H: 71 in / 182 cm | W: 15 in / 38 cm | D: 10 in / 26 cmDescription
A Fine London Regulator Clock by Charles Cummins of Leadenhall Street, London
The case constructed in well figured San Domingo Mahogany, which has acquired a particularly fine colour and patination: rising from block feet, the plinth having a recessed shaped panel the trunk with a glazed arched panel, and above, a double waisted section, boldly carved with an eagle looking to dexter, with wings outstretched, flanked by swags of foliates and berries; the drum head hood with a glazed circular panel exposing the circular dial, with minutes in Arabic numeration to the periphery, with the hours and minutes in superimposed subsidiary dials in Roman numbering.
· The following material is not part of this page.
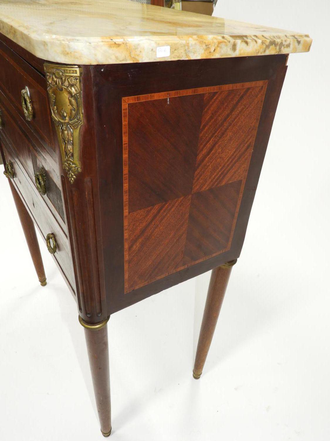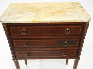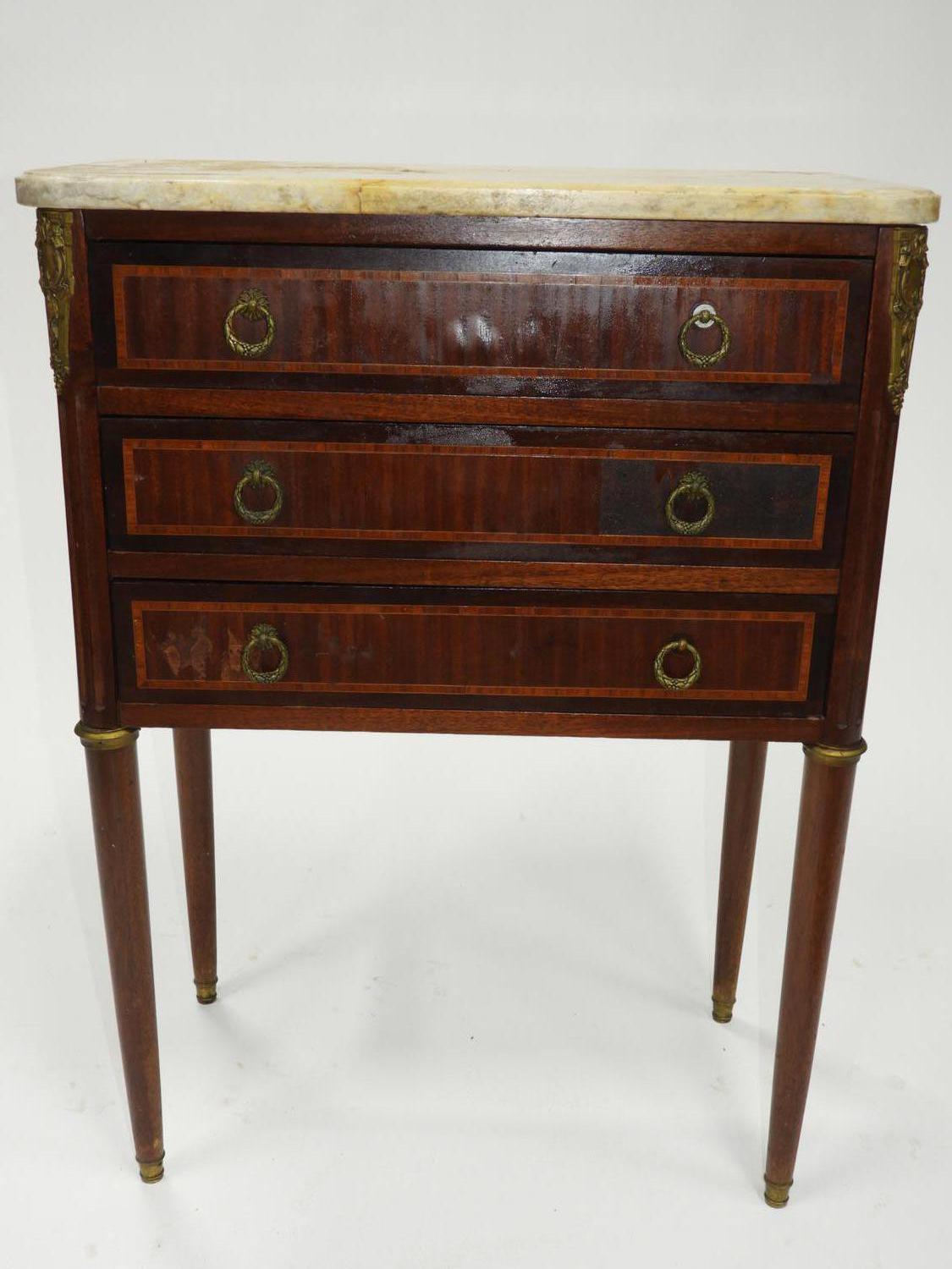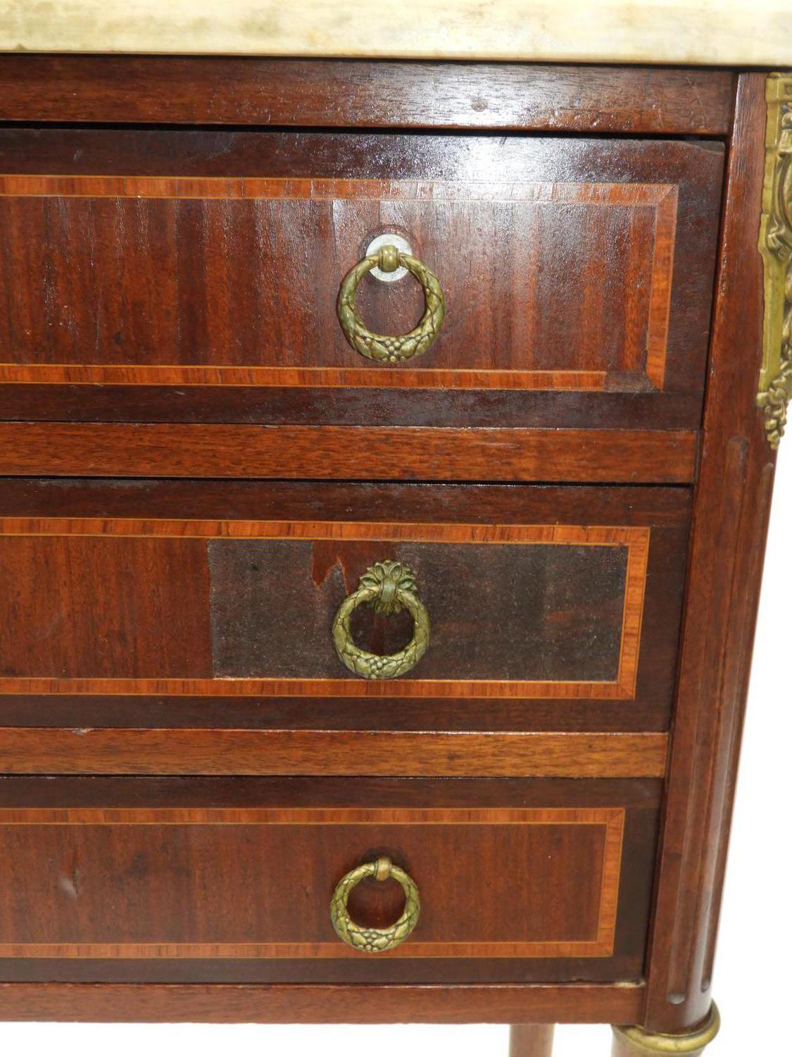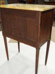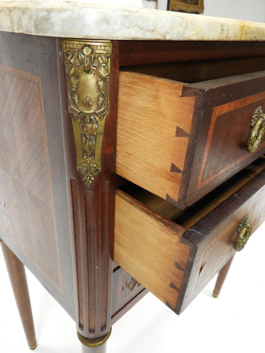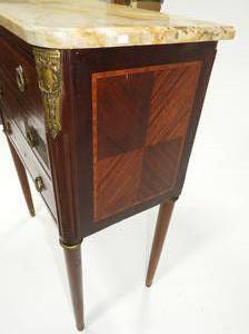 louis xvi-style parquetry inlaid marble top side table, early 20th century, 34" x 25" x 14"
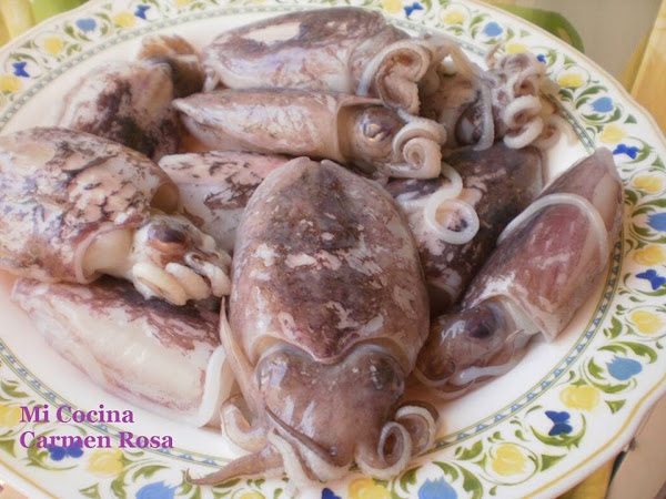 Cuatro chocos (jibias, chopo) medianos, dos por comensal?.el tamaño de unos 10 cmts. y suelo comprarlas en el malagueño mercado de Huelin,

The movement is weight driven wound through the right hand side of the hood, via a ‘clutch’ device, designed to eliminate frictional effect, which Cummins devised as an improvement to Ellicott’s compensation system, originally invented in 1752. The pendulum is of bi-metallic type, which works in conjunction with a set of levers designed to negate temperate variance, to assist in the accuracy of the timekeeping, mounted on an ‘A’ frame secured to the backboard, and signed ‘Cummins Inventit et Fecit’. The dial is signed C.Cummins of 148 Leadenhall Street, London. Circa 1850.
Reference ‘ Britten’s Old Clocks and Watches’ ninth edition lists Cummins at 148 Leadenhall Street between 1840-1856; apprenticed as a clockmaker to his father Thomas Cummins in 1832, and notes him as a maker of chronometers and watches of exceptional quality.